(After OP commented that in fact the JSON looks like this, I completely updated the answer.)

（在 OP 评论说实际上JSON 看起来像这样之后，我完全更新了答案。）

Solution for Gson 2.0+

Gson 2.0+ 解决方案

I just learnedthat with newer Gson versions this is extremely simple:

我刚刚了解到，使用较新的 Gson 版本，这非常简单：

GsonBuilder builder = new GsonBuilder();
Object o = builder.create().fromJson(json, Object.class);

The created object is a Map (com.google.gson.internal.LinkedTreeMap), and if you print it, it looks like this:

创建的对象是一个 Map (com.google.gson.internal.LinkedTreeMap)，如果你打印它，它看起来像这样：

{1145={cities_id=1145, city=Nawanshahr, city_path=nawanshahr, region_id=53, region_district_id=381, country_id=0, million=0, population=null, region_name=Punjab}, 
 1148={cities_id=1148, city=Nimbahera, city_path=nimbahera, region_id=54, region_district_id=528, country_id=0, million=0, population=null, region_name=Rajasthan}
...

Solution using a custom deserialiser

使用自定义解串器的解决方案

(NB: Turns out you don't really a custom deserialiser unless you're stuck with pre-2.0 versions of Gson. But still it is useful to know how to do custom deserialisation (and serialisation) in Gson, and it may often be the best approach, depending on how you want to use the parsed data.)

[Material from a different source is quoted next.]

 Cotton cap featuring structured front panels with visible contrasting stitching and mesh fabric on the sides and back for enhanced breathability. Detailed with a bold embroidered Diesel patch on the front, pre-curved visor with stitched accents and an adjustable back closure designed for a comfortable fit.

（注意：事实证明，除非您坚持使用 Gson 2.0 之前的版本，否则您并不是真正的自定义反序列化器。但了解如何在 Gson 中进行自定义反序列化（和序列化）仍然很有用，而且通常可能是最好的方法，取决于你想如何使用解析的数据。）

So we're indeed dealing with random / varying field names. (Of course, this JSON format is not very good; this kind of data should be inside a JSON array, in which case it could be very easily read into a List. Oh well, we can still parse this.)

所以我们确实在处理随机/变化的字段名称。（当然，这种 JSON 格式不是很好；这种数据应该在一个JSON 数组中，这样它可以很容易地读入 List。哦，我们仍然可以解析它。）

First, this is how I would model the JSON data in Java objects:

首先，这是我在 Java 对象中建模 JSON 数据的方式：

// info for individual city
public class City    {
    String citiesId;
    String city;
    String regionName;
    // and so on
}

// top-level object, containing info for lots of cities
public class CityList  {
    List<City> cities;

    public CityList(List<City> cities) {
        this.cities = cities;
    }
}

Then, the parsing. One way to deal with this kind of JSON is to create a custom deserialiserfor the top level object (CityList).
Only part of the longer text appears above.